つい最近までシステム管理者にストレージ・セキュリティについて質問すると,困惑した表情をされることが多かった。一般的に,ITセキュリティはネットワーク周辺の問題とみなされてきる。ネットワークへの不正アクセスを防ぎさえすれば,ほとんどの場合ネットワークのコンテンツは十分に保護されるからだ。しかし賢明なシステム管理者であれば,ストレージ・セキュリティには別の問題があることを認識しているだろう。

 ストレージ・セキュリティの中でも最も切迫した問題は,アクセス権限のない人がデータにアクセスするのを防ぐことである。

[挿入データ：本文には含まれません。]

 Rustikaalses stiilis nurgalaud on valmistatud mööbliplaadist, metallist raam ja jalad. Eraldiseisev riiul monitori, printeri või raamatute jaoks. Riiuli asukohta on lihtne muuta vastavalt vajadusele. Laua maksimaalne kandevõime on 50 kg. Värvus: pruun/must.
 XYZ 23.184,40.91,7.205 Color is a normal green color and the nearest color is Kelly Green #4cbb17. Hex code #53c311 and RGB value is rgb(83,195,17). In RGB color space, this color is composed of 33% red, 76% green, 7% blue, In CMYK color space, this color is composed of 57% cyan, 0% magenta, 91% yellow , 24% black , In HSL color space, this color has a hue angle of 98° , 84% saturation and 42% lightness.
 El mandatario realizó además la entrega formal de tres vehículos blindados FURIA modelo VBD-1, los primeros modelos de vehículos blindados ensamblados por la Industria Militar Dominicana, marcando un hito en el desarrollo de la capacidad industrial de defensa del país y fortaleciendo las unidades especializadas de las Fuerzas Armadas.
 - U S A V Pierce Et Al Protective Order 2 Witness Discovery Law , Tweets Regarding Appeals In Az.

データ・ストレージに関する様々な法的要件のために(例えば米国における「医療保険の携行性と責任に関する法律(HIPAA)」や「企業改革法(SOX)」など),多くの企業において,保存されたデータの安全を守ることの重要度は,以前よりも格段に増している。

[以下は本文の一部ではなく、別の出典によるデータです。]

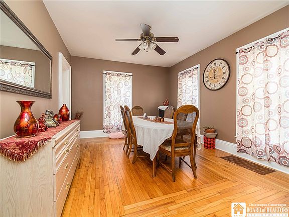 This charming 3-bedroom, 3-bathroom home is located on a corner lot in Randolph. It features a kitchen with a breakfast bar and Corian countertops, a spacious living room, dining room, and a welcoming front room. The convenience of main-floor laundry and a full bath is an added feature. Upstairs, you'll find three bedrooms and two more full bathrooms. The house boasts beautiful hardwood floors throughout and updated replacement windows. The full basement is dry, with concrete floors and sturdy slate stone walls. Outside, the property offers a well-maintained lawn, a covered front porch, and a detached garage with added electric. Additionally, the house is vinyl sided, and recent repairs have been made to the front deck, enhancing its appeal.
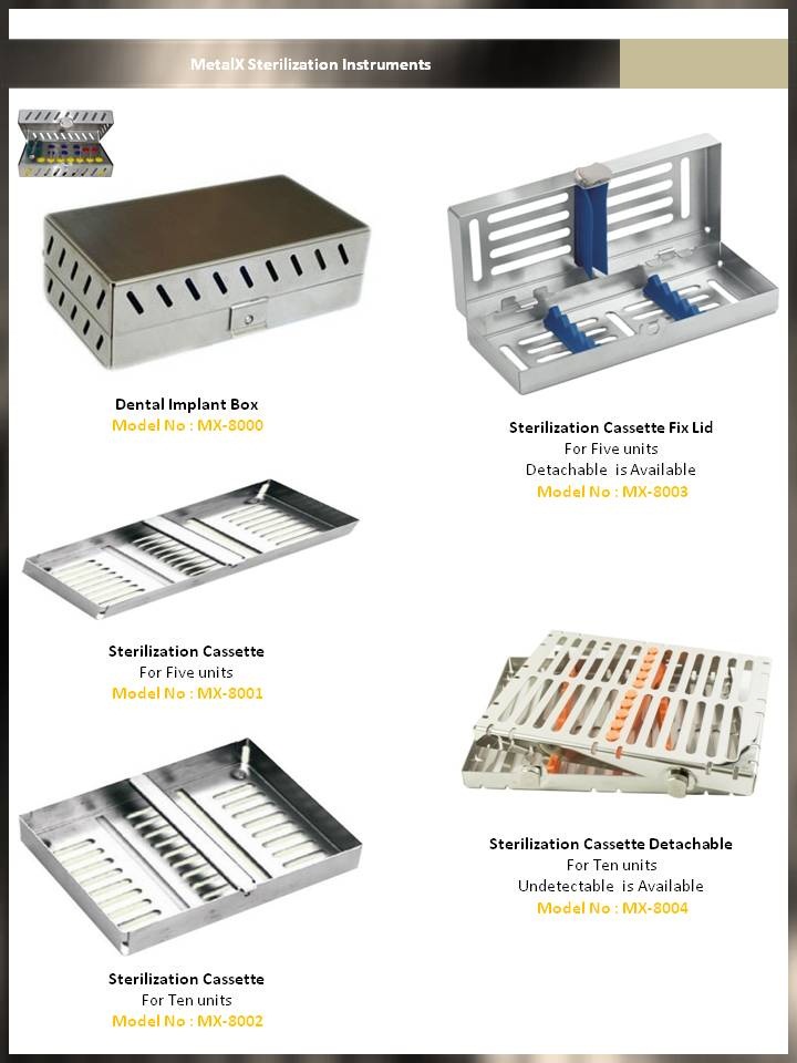 We are offering sterilization cassette.we are manufacturer and exporter of dental implant instruments.The quality management system has been properly implemented and is successfully working at all production stages. We carry out all the necessary tests, inspections and process control activities to ensure that there is no problem with the instruments performance. The technical specifications are provided for more understanding of the products and to improve the confidence of the customer. Samples and prices can be obtained on demand.If you have any queries, please don't hesitate to contact us. Our certificationce markiso-9001:2008iso-13485:2003 thanks and best regards, metalx international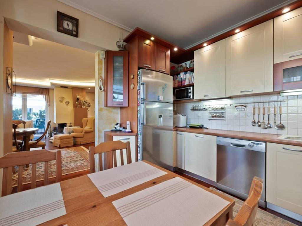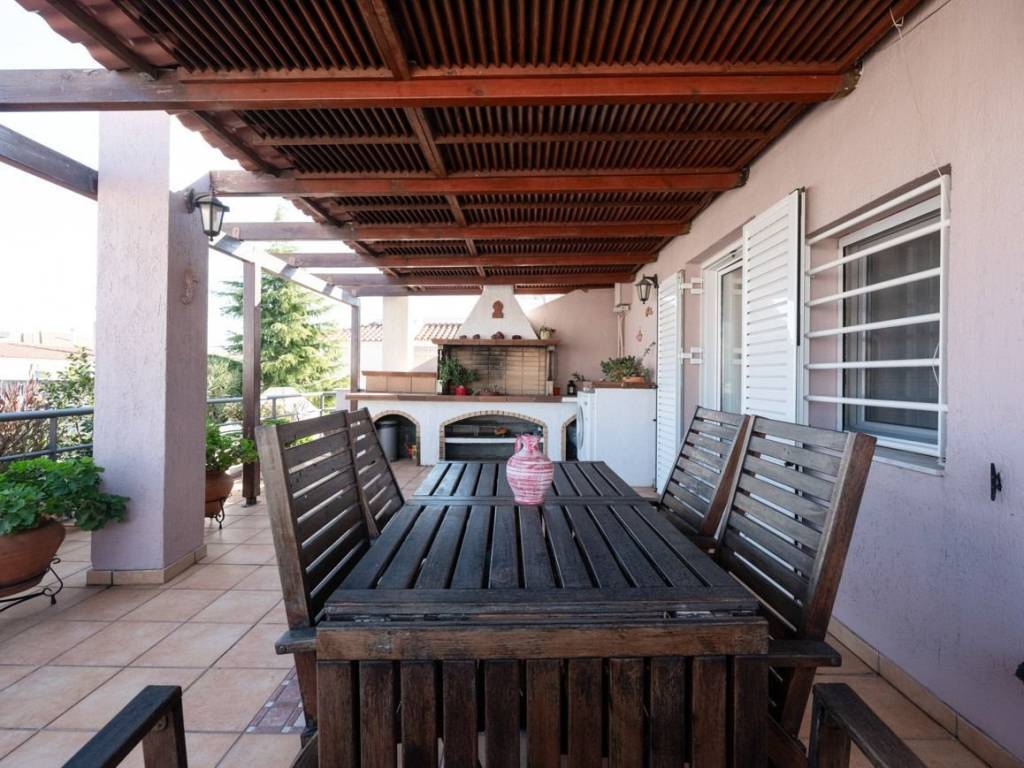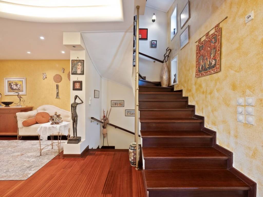 This exceptionally constructed maisonette of 241 sq.m. total area is located in the desirable area of Patima Chalandriou. Completed in late 2003 using premium materials, the residence provides all the modern comforts required for high-end family living. The ground floor features an expansive living and dining area finished with mahogany parquet flooring, a fireplace, recessed ceiling lighting, and an integrated Dolby Surround sound system. This level also includes a fully equipped kitchen with name-brand appliances and direct access to balconies. A wide iroko wood staircase connects the levels, leading to the first floor which hosts three bedrooms with decorative wall finishes and an elegant bathroom. The attic serves as a dedicated master suite, complete with an anteroom, a loft-style library, a private bathroom, and a spacious terrace featuring a built-in BBQ and unobstructed views of Mount Penteli. Functional utility is found in the semi-basement, which offers a playroom or office space, a bathroom, a secondary large kitchen, and ample storage, with the added benefit of a potential independent entrance. The home is technically complete with autonomous natural gas heating per floor, air conditioning, a CCTV security system, and integrated internet networking throughout the main areas. The property is finalized with two outdoor parking spaces, representing a high-standard residence that seamlessly blends quality construction with scenic views. Patima Chalandriou is a model residential zone in the northeastern suburbs, combining residential tranquility with direct access to major road networks such as Attiki Odos and the Doukissis Plakentias Metro station. The area is characterized by modern urban planning, low-density housing with newly built residences, and an abundance of new squares and green spaces that enhance the quality of life.

 保存されたデータを保護する上で最も大きな障害になっていたことの1つは,すべてのデータが保存されている場所を常に把握しておくことであった。企業内の至る所にサーバーやパソコンが散在しているという状況において,ユーザーがアクセスできる全デバイスのデータを守るのは,大変な作業なのだ。実際のところ,中央管理型の方法でデータを保護しているのでなければ,この作業は不可能に近い。

データ保護には何が必要か?

 データを保護するためには,データへのアクセスをロックダウンしたり,データが安全なネットワーク・デバイスに保存されるようユーザー・アカウントを設定したり,モバイル・ユーザーによるデータへのアクセスを制限したりする必要がある。またデータを保護するプロセスには,安全で確実なデータ・バックアップも含めるべきである。データのバックアップを安全でない場所に保存するようでは,ネットワーク・データの安全を守る意味がない。

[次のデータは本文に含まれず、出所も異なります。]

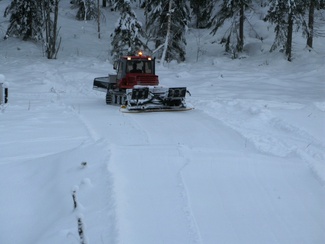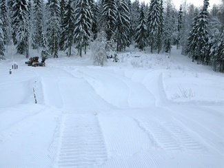Hiihtokoulua varten kaupungin latukone aurasi ja tamppasi Lehtolan hiihtomaan,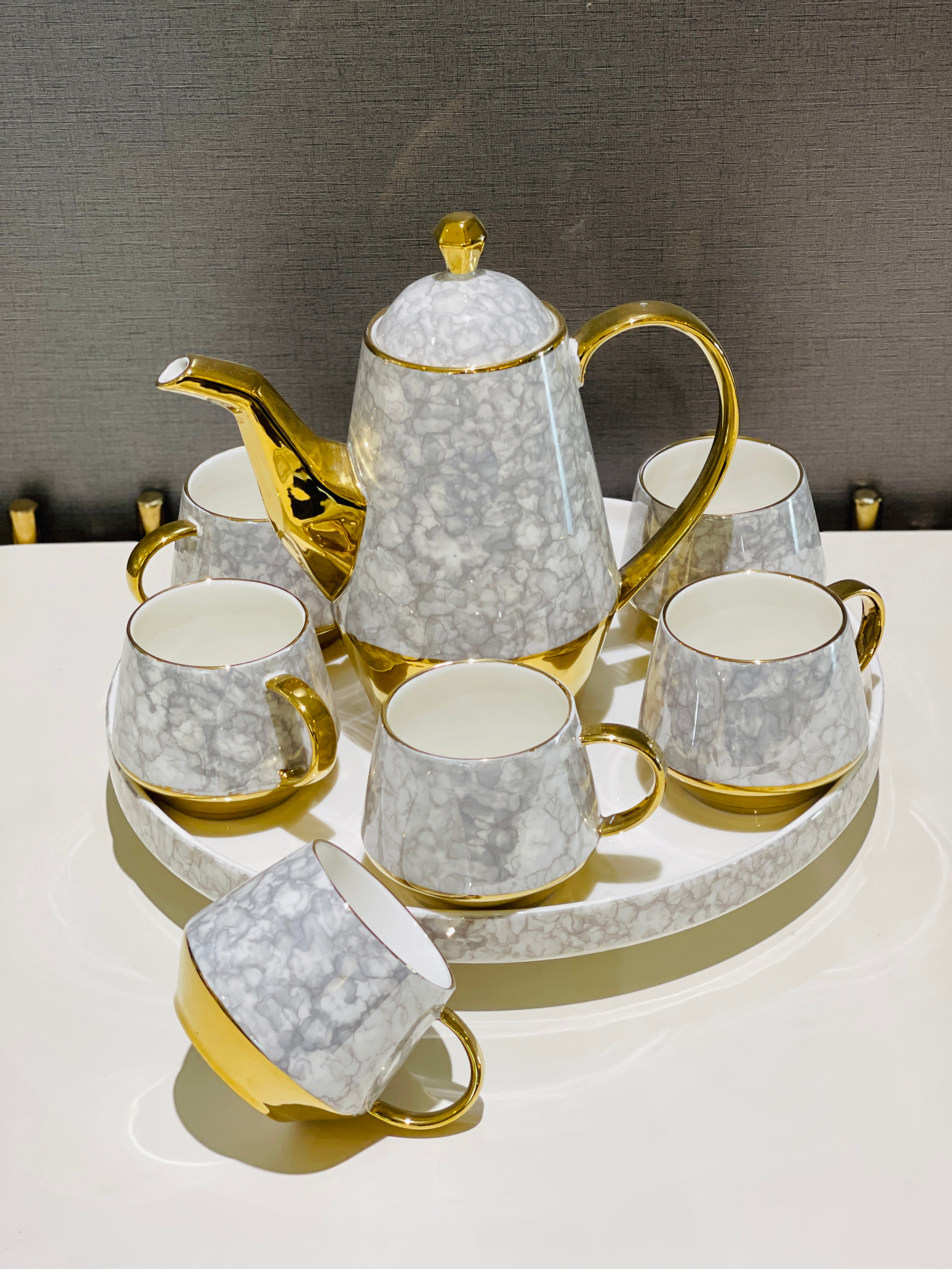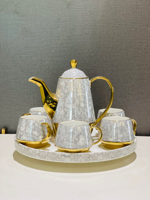 Experience the convenience and elegance of our Tea Set Revolving Tray. Made from high-quality ceramic material, this tray features a sophisticated grey abstract design and a revolving feature for easy access to your tea essentials. Elevate your tea time experience with this stylish addition to your home.

 さらに,ユーザーだけでなくストレージへのアクセスを必要とするアプリケーションやハードウエアにも必要なアクセス権を与えられるように,ストレージ・セキュリティを設定することも重要である。誤ったセキュリティ設定をすると,アプリケーションが正常に実行されなかったり,全く動作しなくなったりする。そんなことになれば,業務が停止してしまうだろう。セキュリティ・パラメータの多くはいつでも変更できるので,変更権限を持つ人物を限定する標準化されたセキュリティ・ポリシーを用意することも,ストレージ・セキュリティ・モデルにおける新しい重要な要素の1つになっている。

 システム管理者の多くが,ストレージやセキュリティ関連の要求に対するソリューションとして,ストレージ・ネットワーキングに注目してきた。SANやNASは,正しく使用した場合に多くの利点があるが,データの安全を守るという観点から見ると,これらのテクノロジには落とし穴も存在する。SANやNASはデータを1つのロケーションに集中させるが,データ保護が,自身の所属するネットワークのセキュリティ・モデルに依存するように設定されていることが多いのだ。

 強固なストレージ・セキュリティを実現するためには,データの保存場所やユーザー・アクセスの要求,システム・アクセスの要求,データのバックアップと保護などを考慮に入れた,多重構造の保護モデルが必要となる。企業におけるセキュリティ保護には,単一の包括的なアプローチをとるのではなく,多重構造のアプローチをとるようにした方が,データ・アクセスをより細かく制御できるし,業務の変化に応じてセキュリティ・モデルを修正できるようになる。

 現在のデータ保護インフラストラクチャをすべて壊さなくても,業務要求に関係のある部分だけを修正できるはずだ。基本モデルに手を加える必要はない。非常に静的な環境では,データ・アクセスの利用と柔軟性に制限を加える厳格なセキュリティ対策が効果的かもしれない。だが動的なビジネス・モデルでは,ストレージ・セキュリティに対して,より精巧で柔軟なアプローチをとる必要がある。